INSTRUCTIONS FOR THE TASK:
Pictures excluded, return the lines below from the first through the line holding "這款春雨睡眠面膜是果凍膠囊裝".
____ TASK MATERIAL
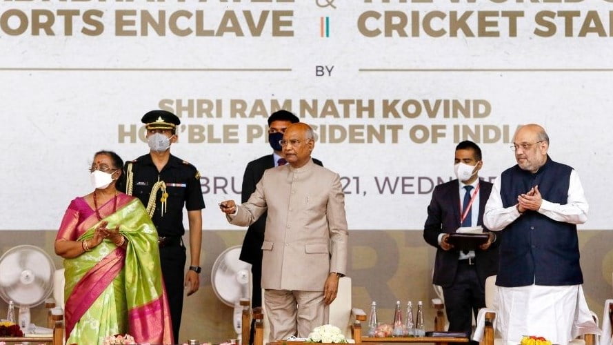President Ram Nath Kovind on Wednesday inaugurated the newly-built Sardar Patel Cricket Stadium, which was renamed the Narendra Modi Stadium ahead of the pink-ball Test between India and England. Home Minister Amit Shah and Union Minister for Youth Affairs and Sports Kiren Rijiju were also in attendance on the occasion.
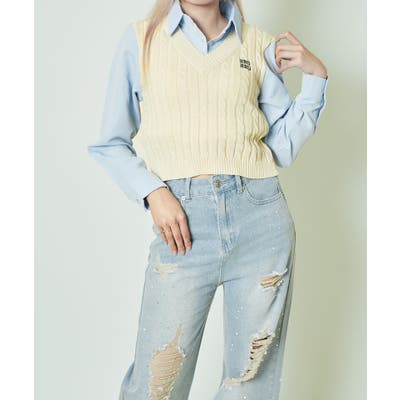 ケーブル編みのニットベストと、ハリ感のあるシャツ生地をドッキング。Vネックの抜け感とクロップド丈のバランスが絶妙で、ウエスト位置が高く見える視覚効果も◎フロントのワンポイント刺繍が、さりげないアクセントに。
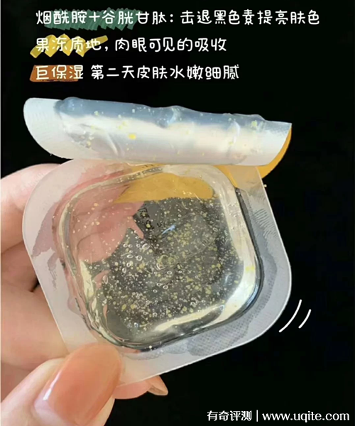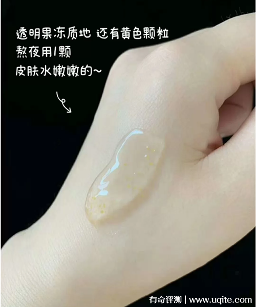 這款春雨睡眠面膜是果凍膠囊裝的,一盒是十粒,平時使用起來就還蠻方便的,而且遇到出門情況也很好攜帶。面膜的質(zhì)地是透明的,里面有一些細(xì)小的黃色微囊修復(fù)因子,涂抹之后是會被均勻吸收掉的。
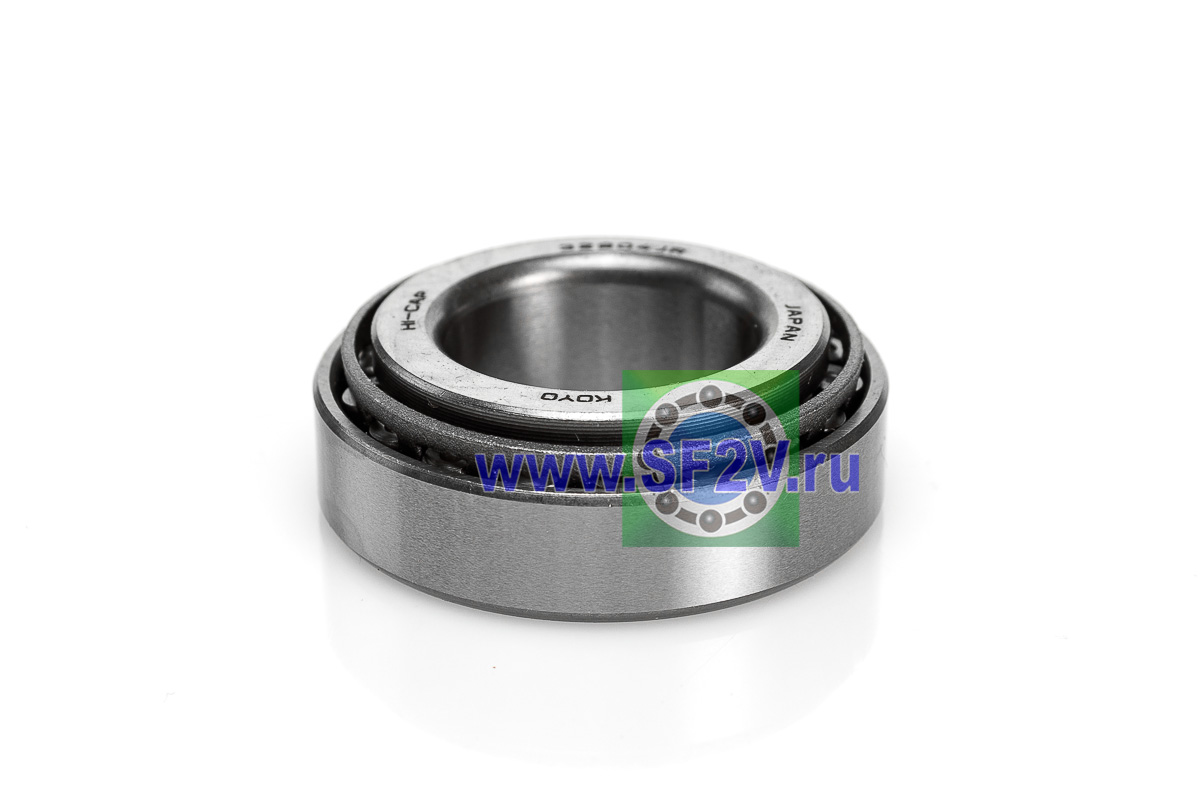 Конический роликовый подшипник, однорядный, предназначен для эксплуатации в подшипниковых узлах с высокими радиальными и осевыми нагрузками, имеет возможность регулировки как осевого так и радиального зазора. Конические роликоподшипники имеют дорожки качения внутреннего и наружного колец, между которыми находится комплект конических роликов. Если образующие конических поверхностей продолжить, то они сойдутся в одной точке, которая находится на оси подшипника. Это означает, что условия качения являются оптимальными. Конические роликоподшипники хорошо воспринимают комбинированные нагрузки (радиальные и осевые).
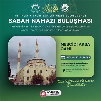 Bornova İlçe Müftülüğü Mescidi Aksa Camii Sabah Namazı Buluşması'na tüm vatandaşlarımız davetlidir.
________
YOUR RESPONSE:
President Ram Nath Kovind on Wednesday inaugurated the newly-built Sardar Patel Cricket Stadium, which was renamed the Narendra Modi Stadium ahead of the pink-ball Test between India and England. Home Minister Amit Shah and Union Minister for Youth Affairs and Sports Kiren Rijiju were also in attendance on the occasion.
 ケーブル編みのニットベストと、ハリ感のあるシャツ生地をドッキング。Vネックの抜け感とクロップド丈のバランスが絶妙で、ウエスト位置が高く見える視覚効果も◎フロントのワンポイント刺繍が、さりげないアクセントに。
 這款春雨睡眠面膜是果凍膠囊裝的,一盒是十粒,平時使用起來就還蠻方便的,而且遇到出門情況也很好攜帶。面膜的質(zhì)地是透明的,里面有一些細(xì)小的黃色微囊修復(fù)因子,涂抹之后是會被均勻吸收掉的。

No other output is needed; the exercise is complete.